The career of Argyropoulos may be divided into three broad phases: the first
(obscure because of the extreme poverty of the sources) in Constantinople, where
he taught in the decade or more prior to its fall to the Turks in 1453. The second
period, longest by far and most meaningful for the Italian Renaissance, comprises
that of his tenure of instruction in Florence when that city was at the height of its
fame as a humanistic center. And third, the brief period of his sojourn in Rome,
where for some years he taught at its University and where in 1487 he died.
The precise place of Argyropoulos' birth is unknown, though it was probably
Constantinople, since the few remaining sources on this initial period mention only
that city. Of his family, about all we know is that he came from a distinguished
Byzantine lineage. That very early he was possessed of an unusual ardor for study,
with a particular bent toward philosophy, is evident from his own remarks in a
letter he later exchanged with the celebrated Italian humanist Francesco Filelfo.
* On the career of Argyropoulos see especially the book of G. Cammelli, I Dotti Bizantini e
le origini dell'umanesimo: Giovanni Argiropulo (Florence, 1941) (with bibliography); more
recently E. Garin, "Donato Acciaiuoli, Citizen of Florence," in his Portraits from the Quattrocento,
transl.

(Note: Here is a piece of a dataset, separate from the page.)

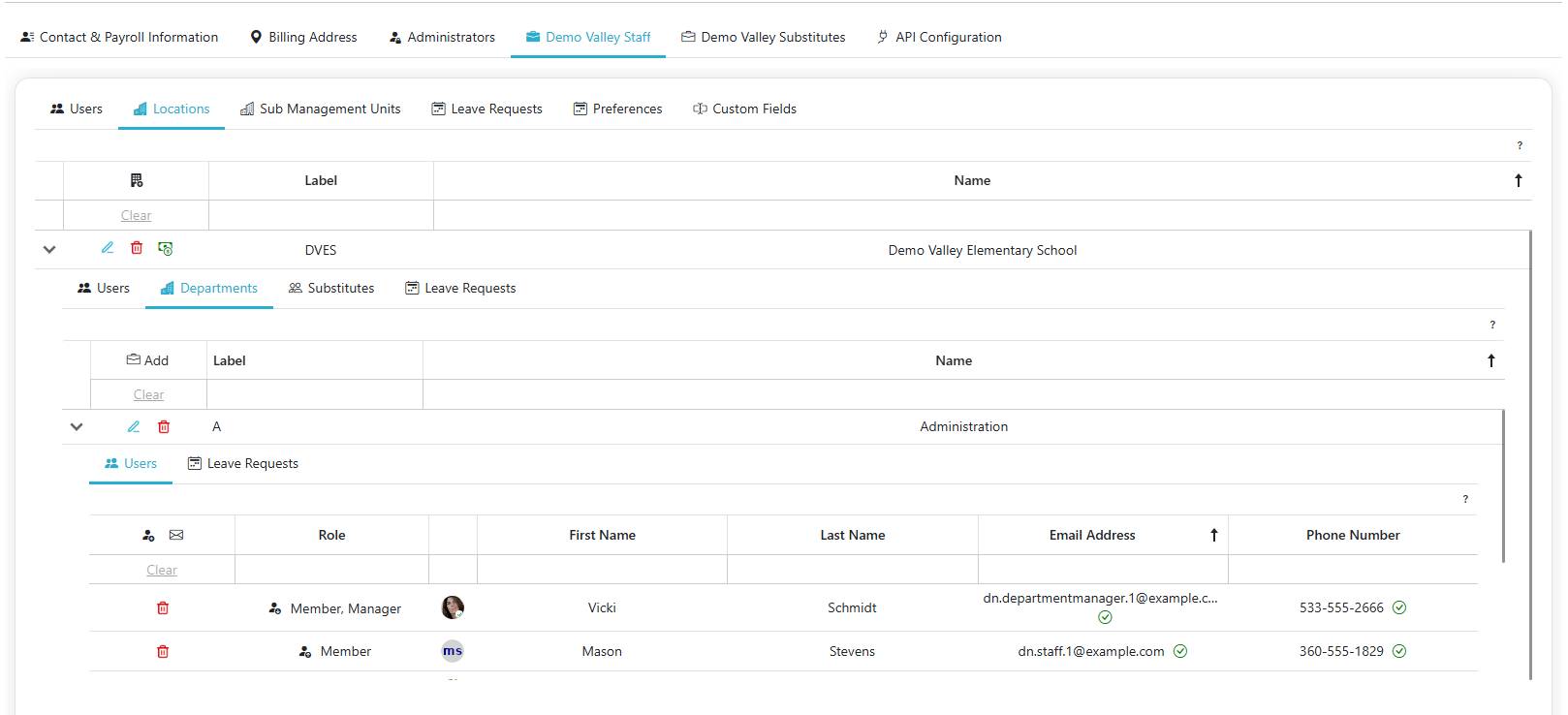 Path 2: Regular Staff->Manage Regular Staff->Locations->Departments-> ’>’ (Caret)->Users

V. and A. Velen (New York, 1972), pp. 69-81; J. Seigel, " The Teaching of Argyropoulos
and the Rhetoric of the First Humanist," Action and Conviction in Early Modern Europe (Princeton,
1969), pp. 237-60; and on the Byzantine emigre-scholars in general, D. Geanakoplos, Byzantium
and the Renaissance (Hamden, 1972) (reprint of Greek Scholars in Venice: Studies in the Dissemination of Greek Learning from Byzantium to Western Europe (Cambridge, Mass., 1962).